当面の国内政局運営と市場の焦点

2024/11/11

当面の国内政局運営と市場の焦点

    • 第2次石破内閣は本日発足へ、ただ少数与党で経済対策や予算の編成に野党の協力が必要。
    • 国民民主党は減税などを要求、与党はこれらを踏まえ、安定した政権運営の成否が当面の焦点。
    • 経済対策、予算、税制改革に減税反映なら市場に景気浮揚期待、参院選前の政局に要注意。

第2次石破内閣は本日発足へ、ただ少数与党で経済対策や予算の編成に野党の協力が必要

先月の衆議院選挙を受けた特別国会が11月11日に召集されます。会期は14日までの4日間ですが、11日に衆参両院の本会議において首相指名選挙が行われ、石破茂首相が第103代首相に選出される見通しです。石破首相は選出後、直ちに新内閣の組閣に臨み、組閣を終えたあと皇居での首相親任式と閣僚の認証式を経て、11日中に第2次石破内閣を発足させる見込みです。

石破首相は新内閣発足後、まず「経済対策」の取りまとめと、その財源を裏付ける「2024年度補正予算」の編成を急ぐと思われます。報道によると、経済対策には、低所得者向けの給付金支給や電気・ガス料金の負担軽減策などが盛り込まれる模様ですが(図表1)、新内閣は衆議院の議席数が過半数に満たない少数与党であるため、2024年度補正予算の成立には野党の協力が必要です。

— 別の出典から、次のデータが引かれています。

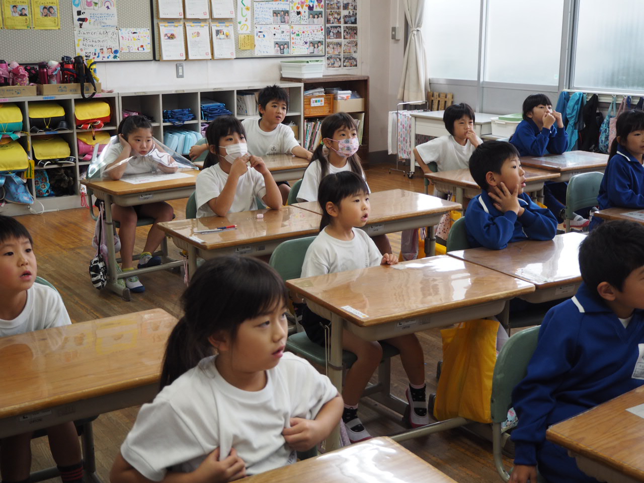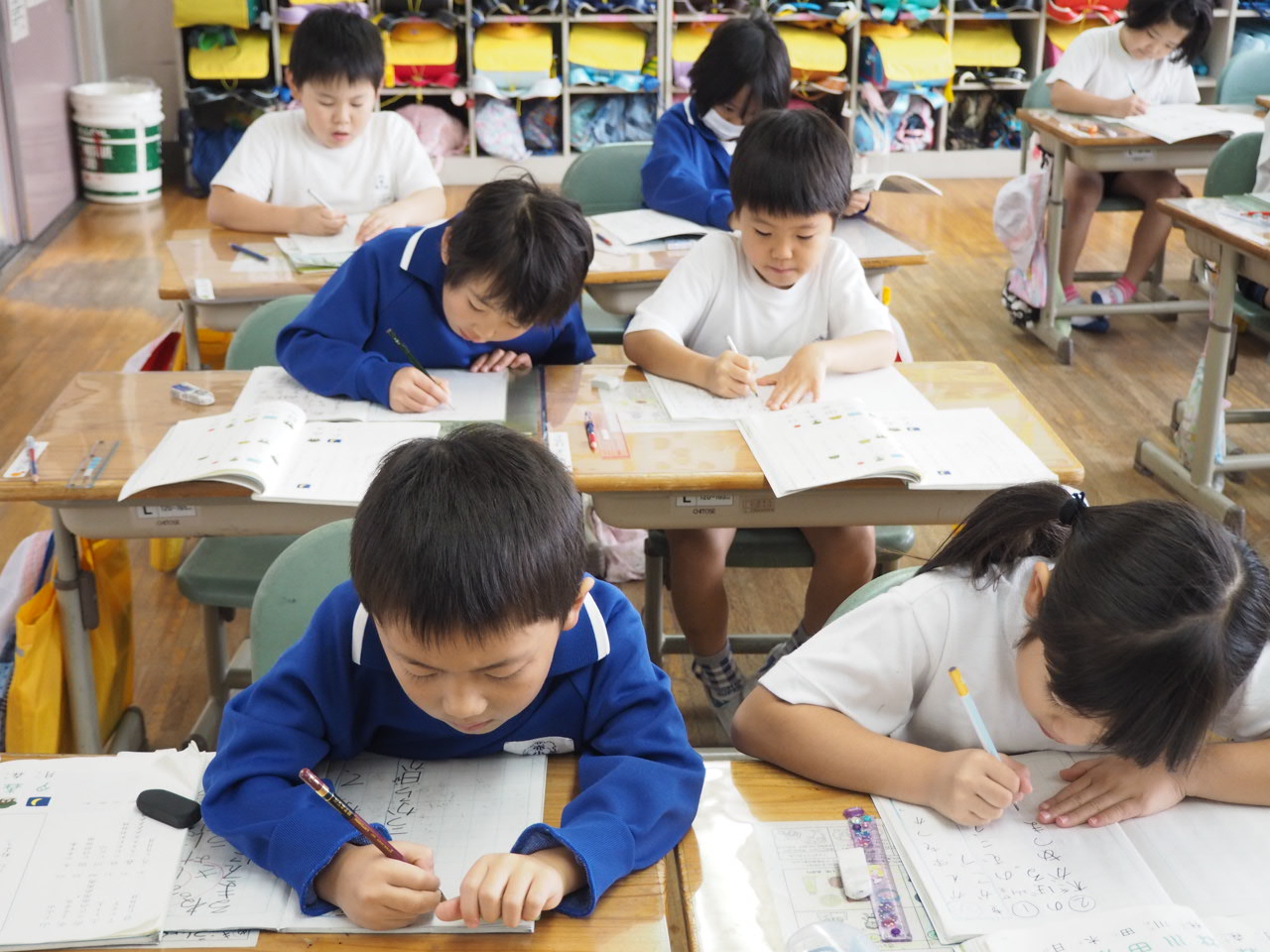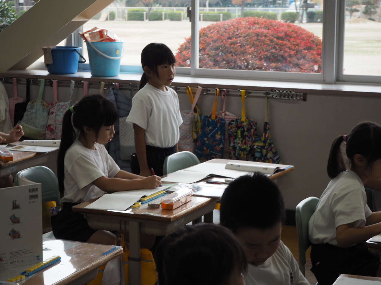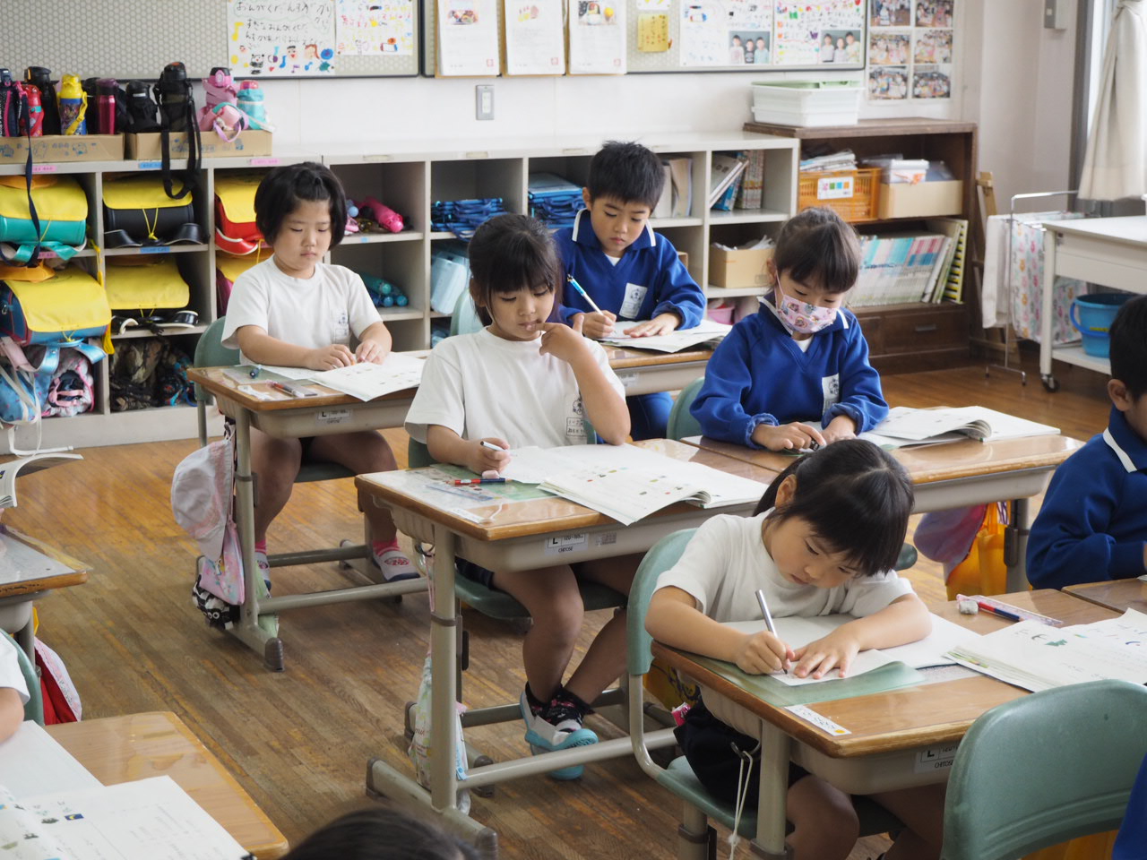 1年、国語「かん字の はなし」。教科書の絵を言葉(漢字)に直しながら,声に出して読んでいます。

国民民主党は減税などを要求、与党はこれらを踏まえ、安定した政権運営の成否が当面の焦点

石破茂首相は国民民主党の玉木雄一郎代表と11月11日に党首会談を行い、補正予算案などで協力を要請する見通しです。国民民主党はすでに、年収「103万円の壁」引き上げやガソリン減税などを含む、経済対策と補正予算案の要望書を与党に渡しており(図表1)、玉木代表は引き上げがゼロ回答なら「2025年度予算」に「なかなか賛成するということにならない」と発言しています。

与党は11月中に経済対策を閣議決定し、年内にも2024年度補正予算を成立させる意向とみられ、まずは経済対策で国民民主党が求める税制関連の要求の大まかな方針を示し、年末に行われる2025年度税制改正で詳細を詰める流れが予想されます。年内の主な政治日程は図表2の通りですが、石破首相が国民民主党など野党の主張を取り込みながら、いかに安定した政権運営ができるかが、当面の焦点となります。

経済対策、予算、税制改革に減税反映なら市場に景気浮揚期待、参院選前の政局に要注意

株式市場にとって、少数与党は懸念材料ですが、野党と上手く協力し合いながら政権を運営できれば、それほど不安は大きくならないと思われます。また、年内の経済対策や2024年度補正予算、2025年度予算案・税制改革大綱の内容に、減税を主張する国民民主党の意向が反映される形になれば、その度合い次第では、景気浮揚期待が高まり、株高、長期金利上昇の動きも見込まれます。

日銀の金融政策に関する判断は、やはり独立性の尊重が望ましく、経済・物価が日銀の見通しに沿って推移していけば、過度な緩和環境は修正に向かうと考えます。なお、2025年3月中に2025年度予算・税制改正関連法が成立した場合、次の政治イベントとして参議院選挙が控えます。仮に自民党内で参議院選挙に向け、総裁交代の緊張感が高まった場合、ポスト石破の顔ぶれの思惑に、市場が敏感な反応を示すことも予想されます。